Entries provided -
--

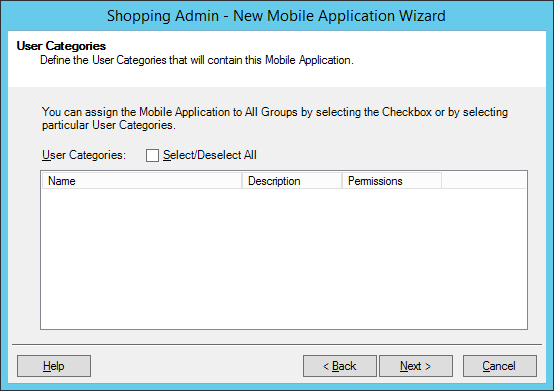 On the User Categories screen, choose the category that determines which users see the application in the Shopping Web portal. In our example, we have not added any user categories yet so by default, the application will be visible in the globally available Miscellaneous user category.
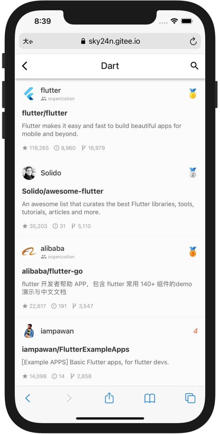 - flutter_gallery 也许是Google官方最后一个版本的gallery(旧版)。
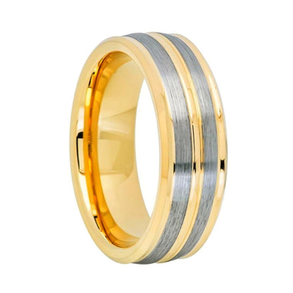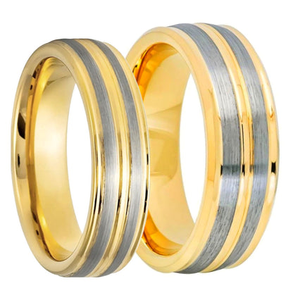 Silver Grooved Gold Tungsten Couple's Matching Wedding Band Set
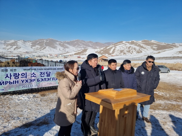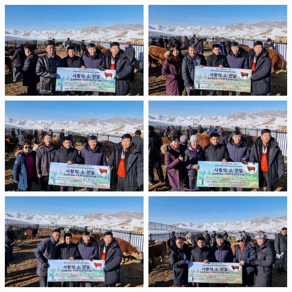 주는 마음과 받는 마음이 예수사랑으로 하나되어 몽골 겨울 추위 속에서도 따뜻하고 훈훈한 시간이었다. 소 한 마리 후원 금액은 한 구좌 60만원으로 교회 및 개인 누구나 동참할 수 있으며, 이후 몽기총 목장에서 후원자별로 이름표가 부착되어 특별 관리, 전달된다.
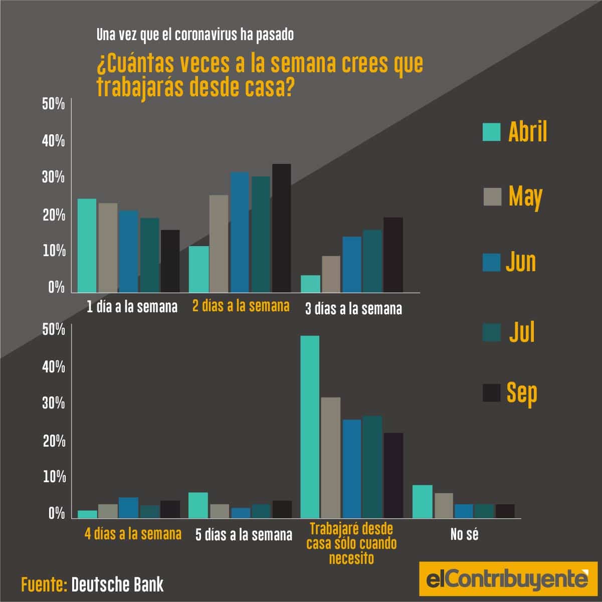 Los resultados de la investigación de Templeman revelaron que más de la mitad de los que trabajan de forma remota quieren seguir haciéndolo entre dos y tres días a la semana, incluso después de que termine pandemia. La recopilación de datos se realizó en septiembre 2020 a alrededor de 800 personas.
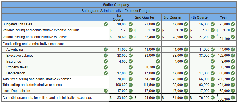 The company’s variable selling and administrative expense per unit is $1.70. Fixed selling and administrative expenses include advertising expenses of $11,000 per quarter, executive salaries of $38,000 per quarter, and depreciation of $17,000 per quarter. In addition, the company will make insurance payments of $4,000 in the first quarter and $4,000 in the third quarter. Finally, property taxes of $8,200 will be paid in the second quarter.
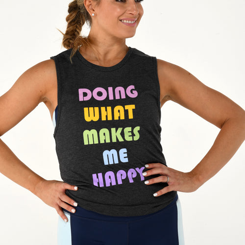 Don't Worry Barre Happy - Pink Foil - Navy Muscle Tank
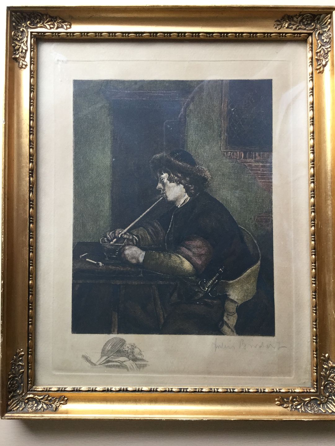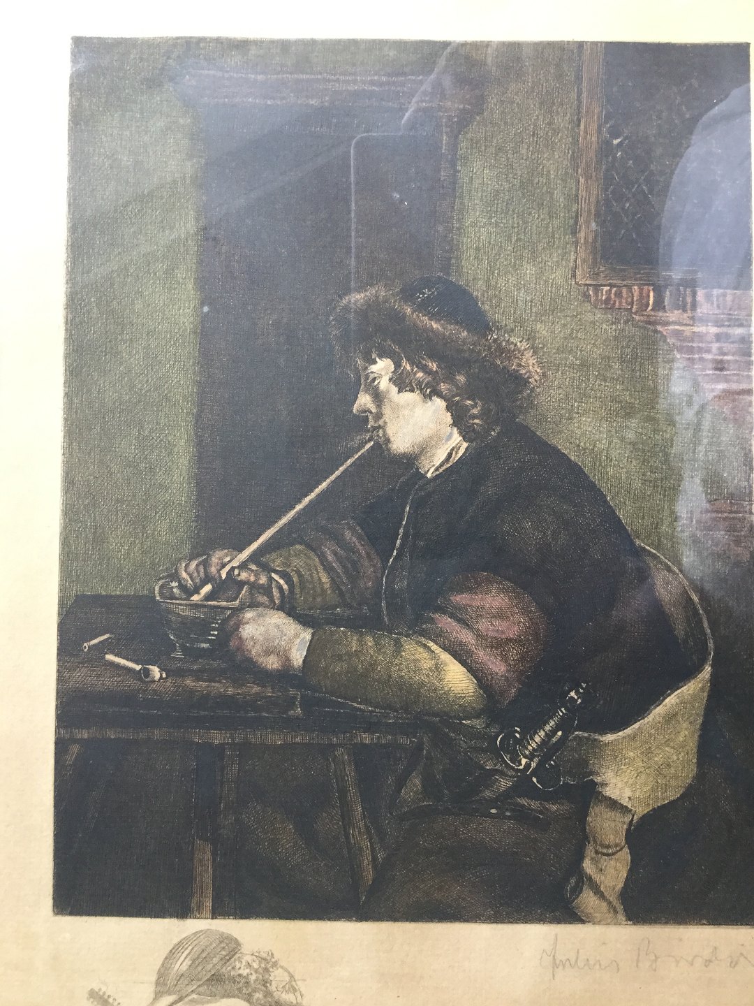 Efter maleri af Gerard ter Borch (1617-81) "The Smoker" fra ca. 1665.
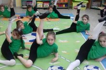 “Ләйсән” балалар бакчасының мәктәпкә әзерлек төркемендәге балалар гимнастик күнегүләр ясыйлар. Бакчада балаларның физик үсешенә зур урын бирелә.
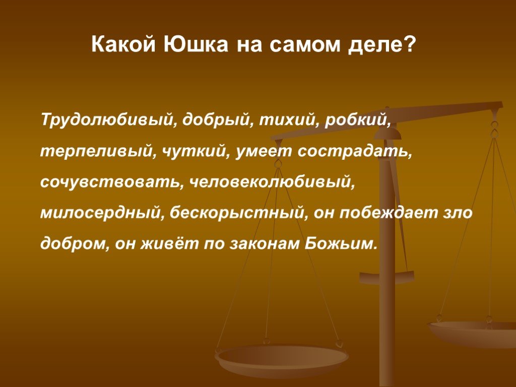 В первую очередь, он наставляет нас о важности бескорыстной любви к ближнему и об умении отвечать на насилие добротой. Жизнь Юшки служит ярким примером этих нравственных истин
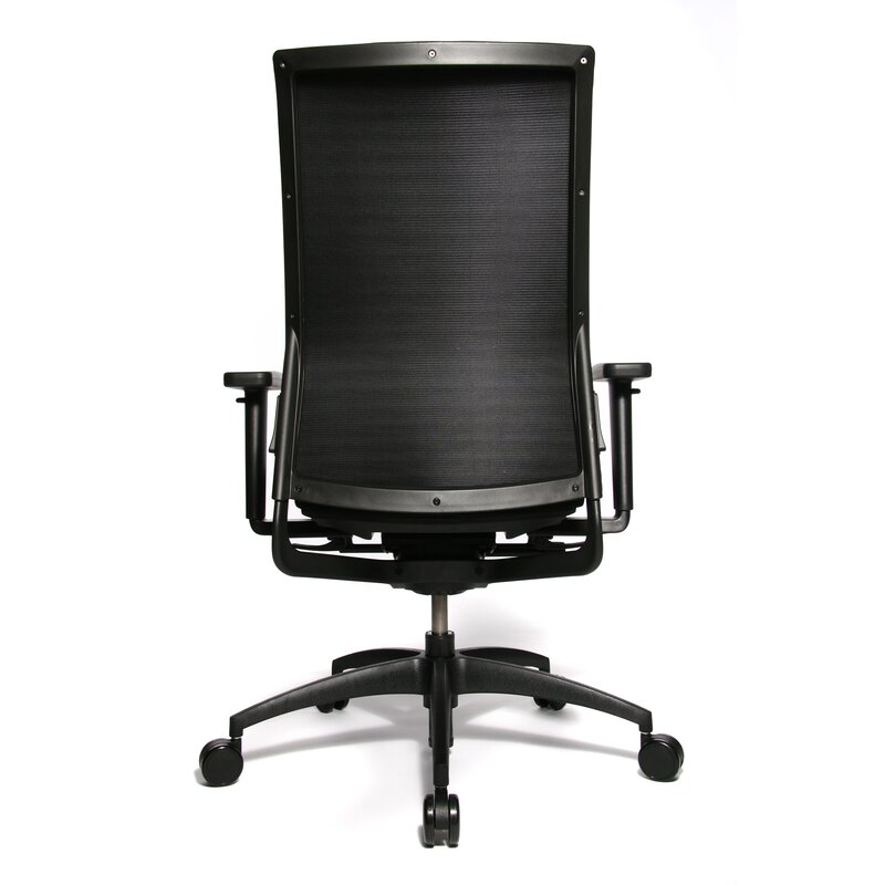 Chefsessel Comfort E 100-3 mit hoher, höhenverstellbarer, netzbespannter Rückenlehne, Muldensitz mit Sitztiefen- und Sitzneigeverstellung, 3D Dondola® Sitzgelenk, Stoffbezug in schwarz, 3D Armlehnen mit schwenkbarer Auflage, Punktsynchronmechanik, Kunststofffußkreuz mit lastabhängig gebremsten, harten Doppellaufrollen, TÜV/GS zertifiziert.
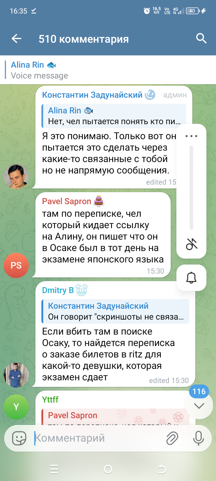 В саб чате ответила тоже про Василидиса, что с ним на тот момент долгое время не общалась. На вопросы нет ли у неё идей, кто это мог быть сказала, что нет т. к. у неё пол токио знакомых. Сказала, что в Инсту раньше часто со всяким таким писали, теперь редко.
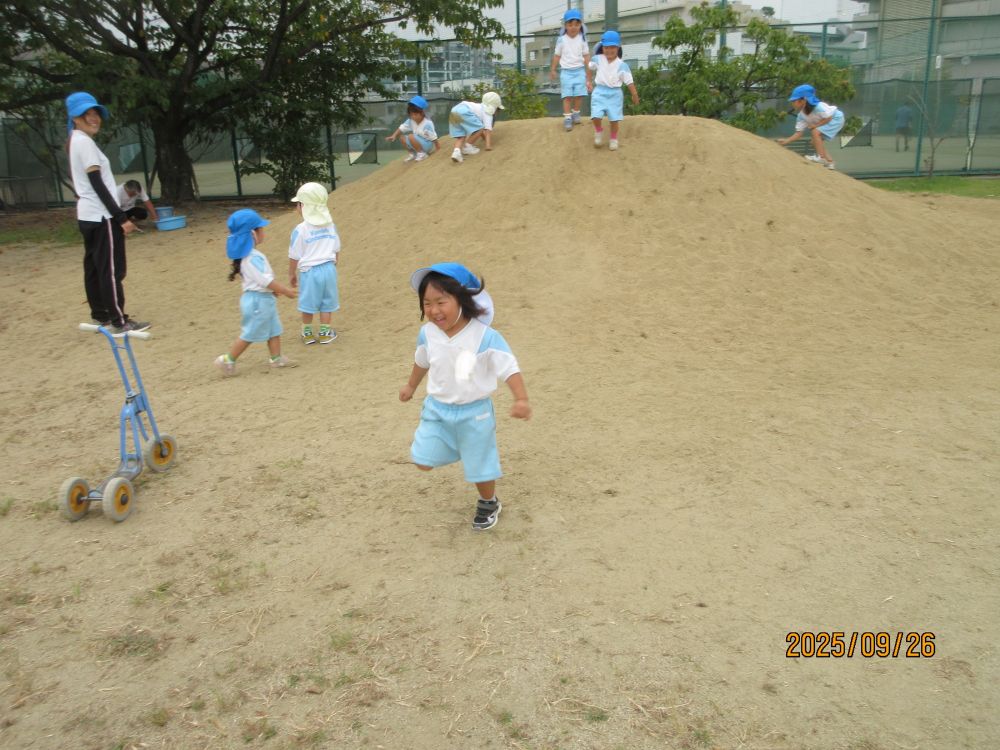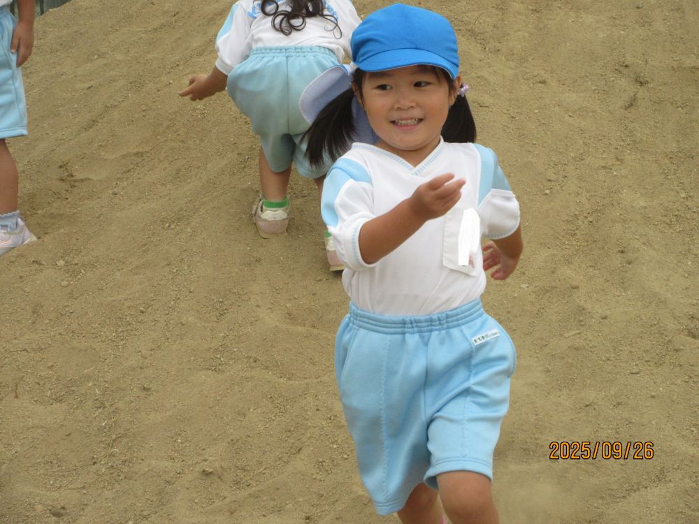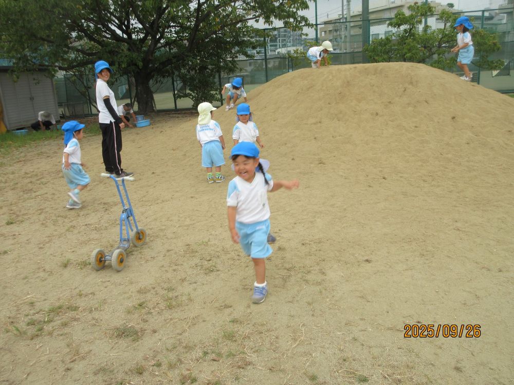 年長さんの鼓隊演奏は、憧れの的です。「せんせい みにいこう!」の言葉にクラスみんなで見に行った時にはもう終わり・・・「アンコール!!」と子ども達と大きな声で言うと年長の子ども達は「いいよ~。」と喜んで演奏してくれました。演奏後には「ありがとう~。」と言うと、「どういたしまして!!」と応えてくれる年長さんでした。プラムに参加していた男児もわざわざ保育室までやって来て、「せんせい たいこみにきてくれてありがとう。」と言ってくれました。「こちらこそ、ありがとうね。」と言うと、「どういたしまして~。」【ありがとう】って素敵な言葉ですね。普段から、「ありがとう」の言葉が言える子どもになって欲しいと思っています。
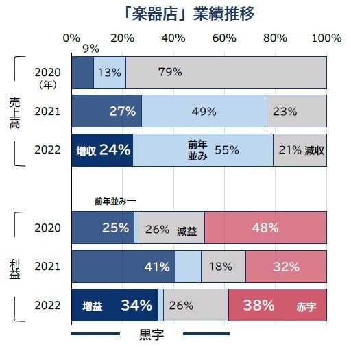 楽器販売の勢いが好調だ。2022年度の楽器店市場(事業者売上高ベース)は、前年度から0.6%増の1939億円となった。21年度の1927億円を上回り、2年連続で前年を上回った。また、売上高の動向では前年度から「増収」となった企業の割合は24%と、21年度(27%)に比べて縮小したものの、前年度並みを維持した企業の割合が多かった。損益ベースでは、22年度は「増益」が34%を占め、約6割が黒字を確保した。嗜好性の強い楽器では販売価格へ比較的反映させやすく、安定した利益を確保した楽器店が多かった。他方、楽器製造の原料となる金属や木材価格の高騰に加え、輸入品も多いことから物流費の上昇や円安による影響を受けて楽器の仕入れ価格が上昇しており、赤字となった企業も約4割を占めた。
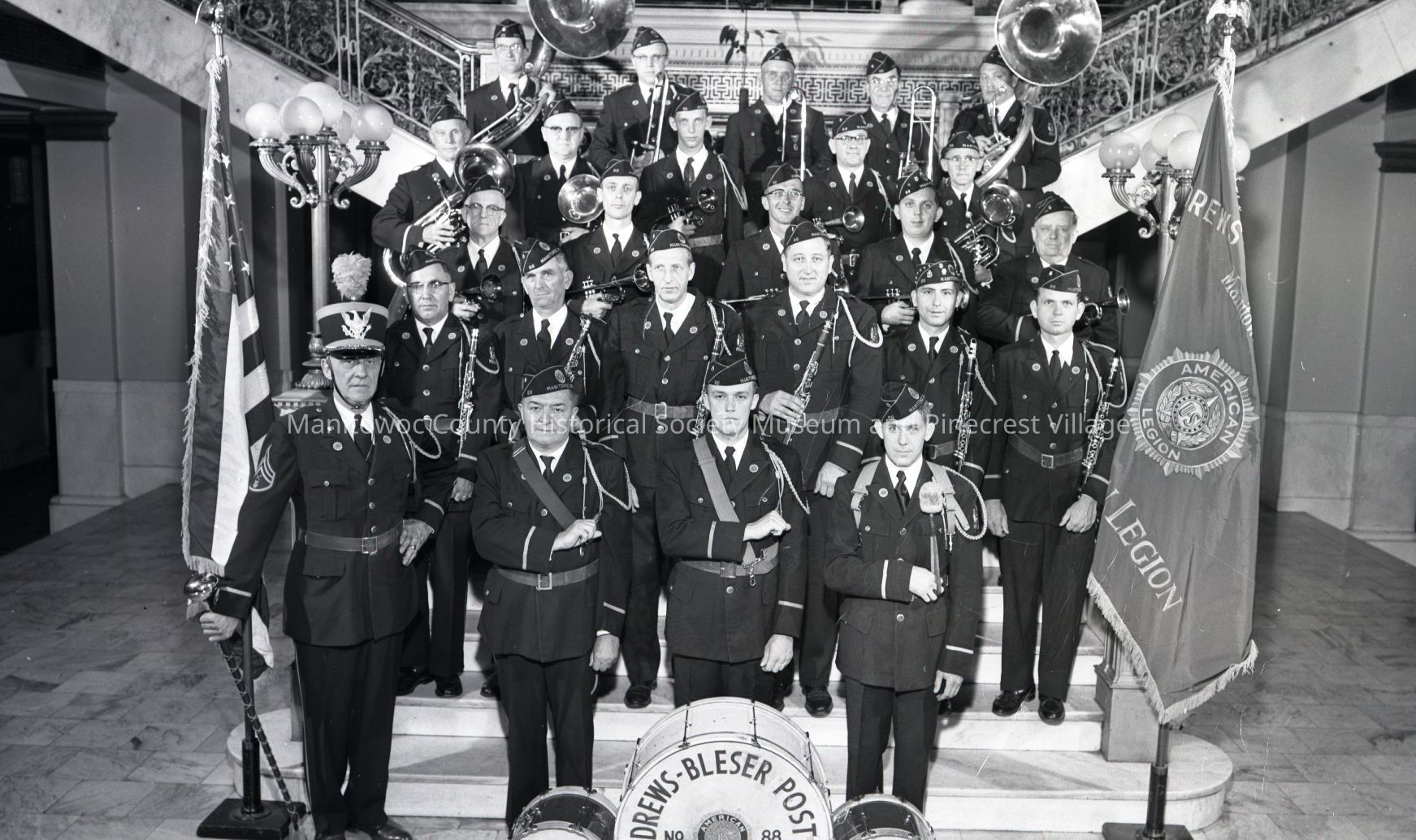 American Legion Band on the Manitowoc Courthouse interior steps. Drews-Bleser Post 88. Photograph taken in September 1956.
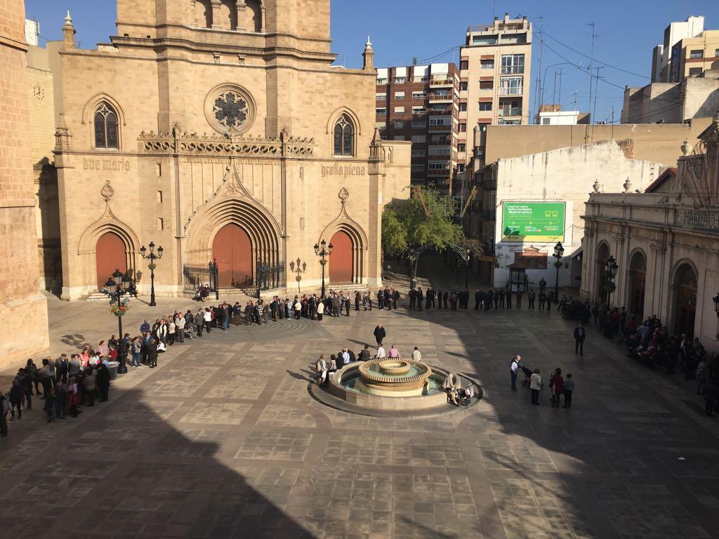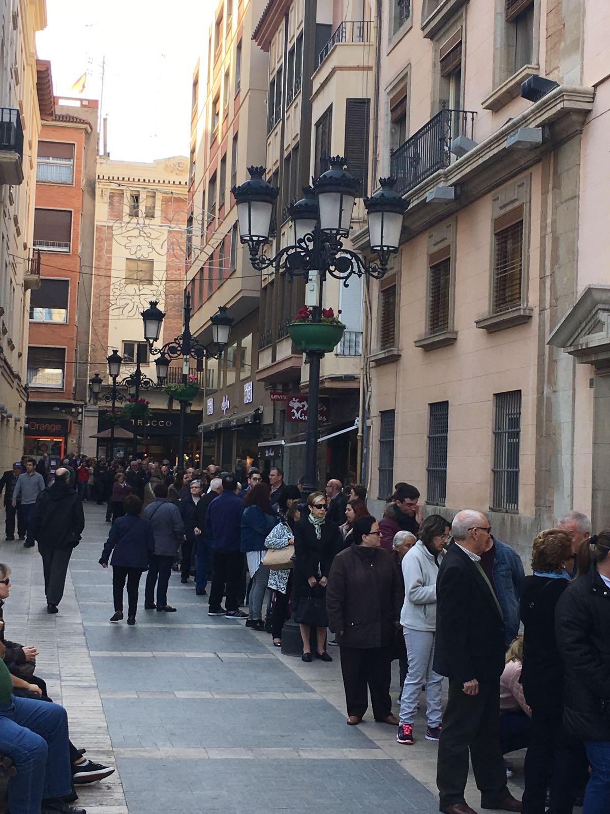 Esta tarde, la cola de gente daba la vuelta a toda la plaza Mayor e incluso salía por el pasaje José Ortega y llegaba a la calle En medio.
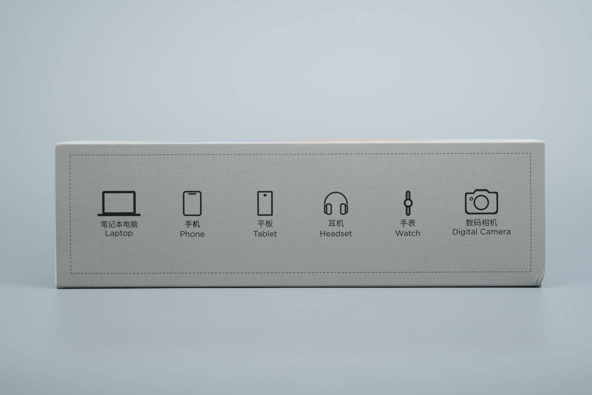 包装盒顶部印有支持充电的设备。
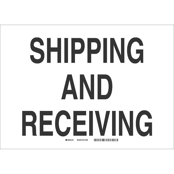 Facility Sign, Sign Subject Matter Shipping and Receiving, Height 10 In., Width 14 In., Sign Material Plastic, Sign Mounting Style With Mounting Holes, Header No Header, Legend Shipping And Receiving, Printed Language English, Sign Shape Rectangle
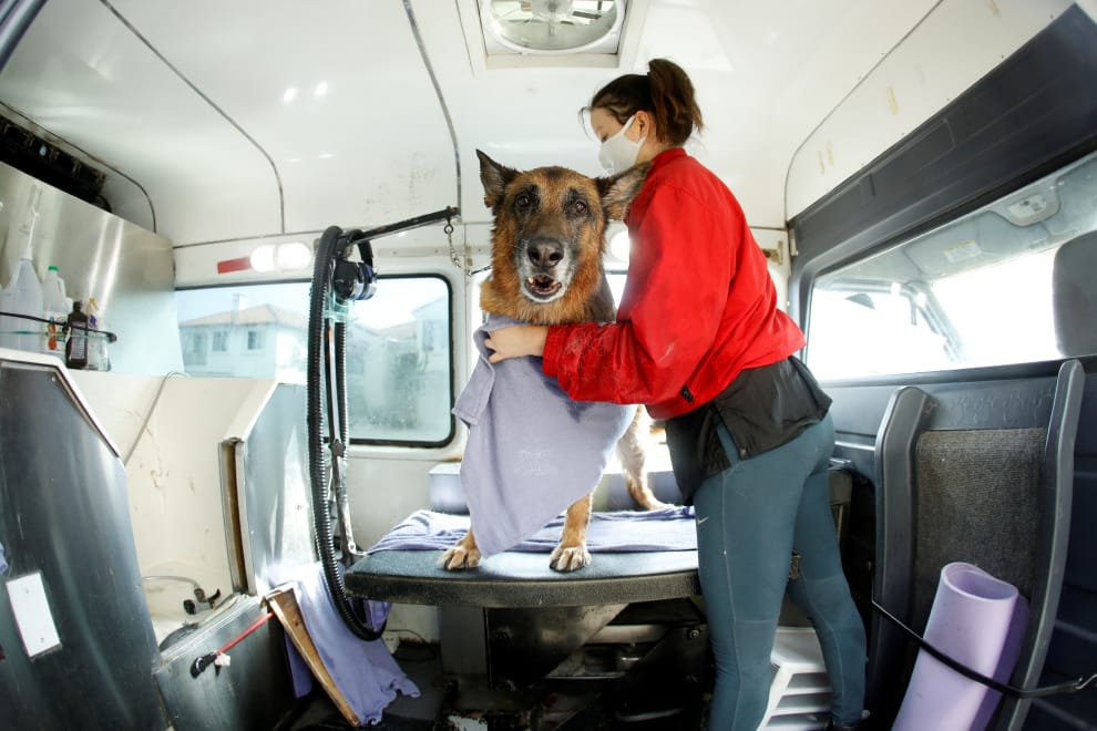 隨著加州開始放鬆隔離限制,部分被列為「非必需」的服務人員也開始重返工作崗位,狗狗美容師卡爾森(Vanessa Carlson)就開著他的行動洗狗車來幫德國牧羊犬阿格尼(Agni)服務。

--

Task directions - Transcribe exactly the lines above, beginning at the one with "зур урын бирелә." and going up to and including the one with "В саб чате ответила". Pictures do not belong in the copy.

Response area -
 “Ләйсән” балалар бакчасының мәктәпкә әзерлек төркемендәге балалар гимнастик күнегүләр ясыйлар. Бакчада балаларның физик үсешенә зур урын бирелә.
 В первую очередь, он наставляет нас о важности бескорыстной любви к ближнему и об умении отвечать на насилие добротой. Жизнь Юшки служит ярким примером этих нравственных истин
 Chefsessel Comfort E 100-3 mit hoher, höhenverstellbarer, netzbespannter Rückenlehne, Muldensitz mit Sitztiefen- und Sitzneigeverstellung, 3D Dondola® Sitzgelenk, Stoffbezug in schwarz, 3D Armlehnen mit schwenkbarer Auflage, Punktsynchronmechanik, Kunststofffußkreuz mit lastabhängig gebremsten, harten Doppellaufrollen, TÜV/GS zertifiziert.
 В саб чате ответила тоже про Василидиса, что с ним на тот момент долгое время не общалась. На вопросы нет ли у неё идей, кто это мог быть сказала, что нет т. к. у неё пол токио знакомых. Сказала, что в Инсту раньше часто со всяким таким писали, теперь редко.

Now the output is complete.